Supplied data section start
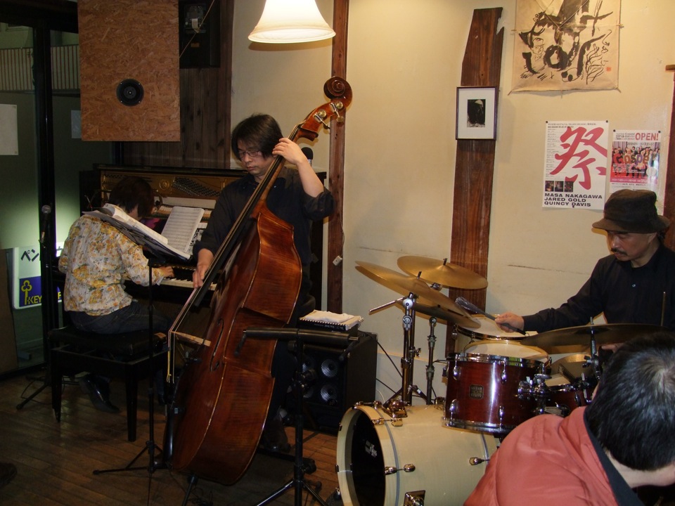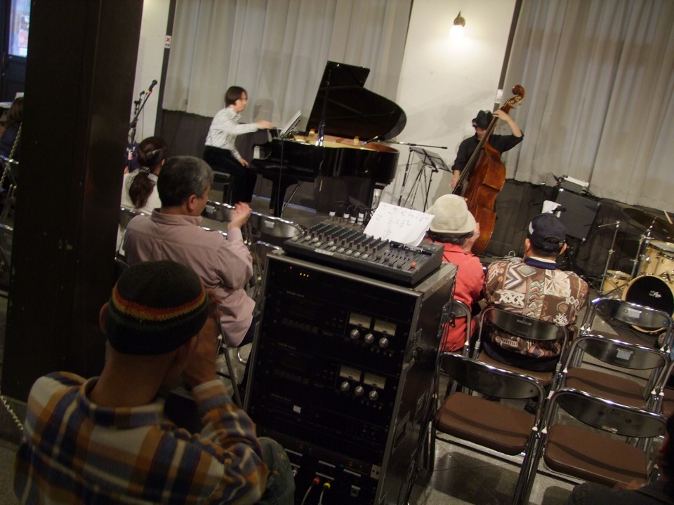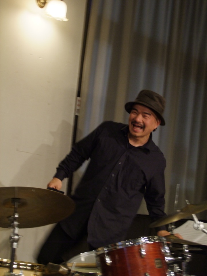 ライブは好きにやって良い…とマスターの意向を聞きつつ(笑)、やはりツアー初日なので、それなりの構成をもって臨みたいところではありました。また、今回も全盲のトランペッターである小倉久司さんにゲストでお越し頂き、ステージの半分くらいを共演という形で演奏させて頂きました。
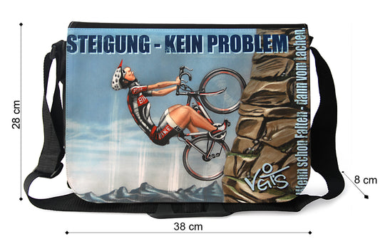 Tasche, Schultertasche, Laptoptasche mit Motiv "Radfahrer - Steigung kein Problem", Veit`S Gute Laune Taschen
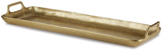 This tray was made for serving up superb style. Goldtone finished cast aluminum sets a sturdy foundation. This is the perfect fashionable piece for quickly adding versatility to your home.
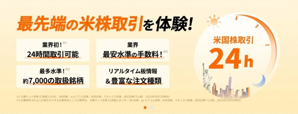 取扱銘柄数 | 約7,000銘柄(ADR,ETFを含む) NYSE(ニューヨーク証券取引所)・NYSE Arca・NYSE American・NASDAQ(ナスダック証券取引所)、に上場する銘柄 |
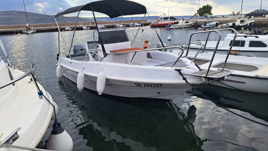 Težina plovila je 550 kg, kapacitet 7 osoba, prostrano prednje sunčalište, široka klupa i konzola, veliko spremište, navigacijska svjetla, stepenice, kaljužna pumpa, komplet jastuci od neupijajuće spužve, inox ograda, radio sa zvučnicima, bimini inox tenda, noga za stolić sa pločom, rezervoar goriva 90 lit., rezervoar za čistu vodu s pumpom i tušem 52 lit., baterija sa kutijom i ugradbenom sklopkom, dodatna baterija 100Ah startna servisna sa instalacijom, instrument brojilo okretaja, filter separator, pokazivač trima, GPS/FISH FINDER HUMMINBIRD HELIX 7 sa karticom.
Supplied data section end
What you have to do
Repeat only the lines between the top of the entries above and the line containing "Tasche, Schultertasche, Laptoptasche", both ends included, without the pictures.

Exercise answer
 ライブは好きにやって良い…とマスターの意向を聞きつつ(笑)、やはりツアー初日なので、それなりの構成をもって臨みたいところではありました。また、今回も全盲のトランペッターである小倉久司さんにゲストでお越し頂き、ステージの半分くらいを共演という形で演奏させて頂きました。
 Tasche, Schultertasche, Laptoptasche mit Motiv "Radfahrer - Steigung kein Problem", Veit`S Gute Laune Taschen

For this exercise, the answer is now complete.